- Predecessor: Olowo Ajagbusi Ekun
- Born: Owo, Ondo state southwestern Nigeria
- Religion: Traditional religion

= Ajaka (Olowo) =

Traditional ruler of Owo Kingdom

Olowo Ajaka, also known as Farokun, was a traditional ruler of Owo Kingdom, Ondo state, southwestern Nigeria. He succeeded his father Olowo Ajagbusi Ekun, and ruled from 1760 to 1780.

== Early life ==
Olowo Ajaka was born in Owo, Ondo State, circa 1724.

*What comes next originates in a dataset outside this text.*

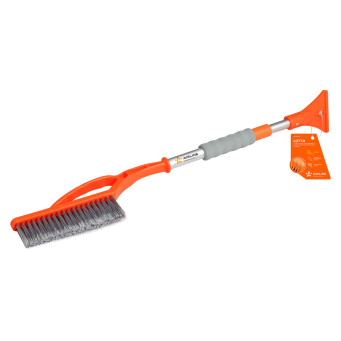 Пока не сезон - в деле не пробовал, щетка как щетка, раздвигается- собирается. На вид тоненькая щетка и скребок, но как и на фото. Лёд долбить и крышу ломать ей не собирался. Цвет яркий, в машине и на снегу точно не потеряется.Достоинства: отличная,удобная

== Accession to the throne ==
Power in the Owo kingdom during the reign of the previous two Olowos was largely characterised by a power struggle between the Olowo and the high chiefs. A coalition of long-distance traders and some dissenting chiefs, known as Otu Bamgbosun (literally "help me carry cam wood"), arose during this time to seize power. This opportunity arose circa 1760 with the death of Olowo Ajagbusi Ekun; the chiefs selected Prince Adepipe, but the Otu Bamgbosun interrupted the ceremonies and installed Ajaka instead.

== Reign ==
Olowo Ajaka was considered a very strong ruler, and was involved in many wars with the neighbours of Owo.